Finite Fields

Proof Sketch:

Order is a prime power. Let \(F\) be a finite field. Since every field is an integral domain, by Characteristic of an Integral Domain, \(F\) has characteristic \(p\) for some prime \(p\) (the characteristic cannot be \(0\) since \(F\) is finite). Thus \(p \cdot x = 0\) for every \(x \in F\). Suppose, for contradiction, that some prime \(q \neq p\) divides \(|F|\). Viewing \(F\) as an additive Abelian group, Cauchy's theorem for Abelian groups produces an element of additive order \(q\) — but every element has additive order dividing \(p\), a contradiction. Hence \(|F| = p^n\) for some positive integer \(n\).

Existence of \(GF(p^n)\). Let \(g(x) = x^{p^n} - x \in \mathbb{Z}_p[x]\) and let \(E\) be a splitting field of \(g(x)\) over \(\mathbb{Z}_p\); since \(g\) splits in \(E\), it has \(p^n\) zeros in \(E\) counted with multiplicity. The formal derivative \(g'(x) = p^n \cdot x^{p^n - 1} - 1\) reduces to \(-1\) in \(\mathbb{Z}_p[x]\), so \(\gcd(g, g') = 1\) and \(g\) has \(p^n\) distinct zeros in \(E\). Now, the zero set of \(g\) is closed under field operations: for any zeros \(a, b \in E\), the binomial theorem in characteristic \(p\) gives \((a + b)^{p^n} = a^{p^n} + b^{p^n} = a + b\); multiplicativity \((ab)^{p^n} = ab\) and closure under inverses \((a^{-1})^{p^n} = a^{-1}\) follow directly from \(a^{p^n} = a\).
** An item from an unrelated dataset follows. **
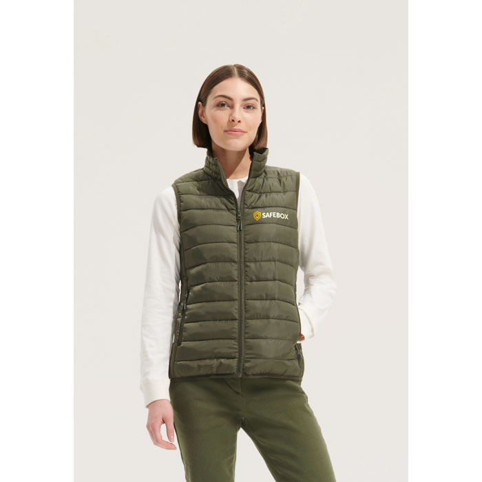 SOL'S STREAM BW WOMEN, DAMSKA LEKKA KAMIZELKA, Materiał zewnętrzny i podszewka: 100% poliester, Wypełnienie: 100% puch poliestrowy, zapięcie z przodu i kieszenie boczne z nylonowym zamkiem błyskawicznym w tonacji, metalowe suwaki w tonacji z czarnymi fantazyjnymi suwakami, wysoki kołnierz, elastyczne wiązanie na dole i pod pachami w tonacji, torba do przechowywania. Informacje na temat dopasowania rozmiarów można znaleźć w tabeli rozmiarów w sekcji dokumentacji produktu.

Hence the zero set of \(g\) is itself a subfield of \(E\); since it contains \(\mathbb{Z}_p\) and all the roots of \(g\), the minimality of the splitting field gives that it equals \(E\). Therefore \(|E| = p^n\).
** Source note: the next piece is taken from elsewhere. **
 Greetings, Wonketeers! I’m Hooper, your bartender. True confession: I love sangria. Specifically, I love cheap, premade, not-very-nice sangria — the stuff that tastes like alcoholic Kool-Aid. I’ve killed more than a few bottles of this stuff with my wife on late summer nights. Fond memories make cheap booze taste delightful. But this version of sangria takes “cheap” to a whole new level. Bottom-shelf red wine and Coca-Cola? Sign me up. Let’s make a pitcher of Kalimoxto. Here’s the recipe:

Uniqueness up to isomorphism. Conversely, let \(K\) be any field of order \(p^n\). The prime subfield generated by \(1\) is isomorphic to \(\mathbb{Z}_p\). Since the multiplicative group \(K^*\) has order \(p^n - 1\), Lagrange's theorem gives \(a^{p^n - 1} = 1\) for every \(a \in K^*\), so every element of \(K\) (including \(0\)) is a zero of \(g(x) = x^{p^n} - x\). Hence \(K\) consists of exactly the \(p^n\) roots of \(g\), so \(K\) is a splitting field of \(g\) over \(\mathbb{Z}_p\). Splitting fields of a given polynomial over a given field are unique up to isomorphism, so any two finite fields of order \(p^n\) are isomorphic.

Proof:

Since \(GF(p^n)\) is a finite field of order \(p^n\), the proof of the Classification of Finite Fields shows that it has characteristic \(p\), so every nonzero element has additive order \(p\). Hence the additive group of \(GF(p^n)\) is an elementary abelian \(p\)-group of order \(p^n\): by the Fundamental Theorem of Finite Abelian Groups, it decomposes as \(\bigoplus_i \mathbb{Z}_{p^{a_i}}\) with \(\sum_i a_i = n\); the constraint that every element has order dividing \(p\) forces each \(a_i = 1\), giving \(n\) summands isomorphic to \(\mathbb{Z}_p\).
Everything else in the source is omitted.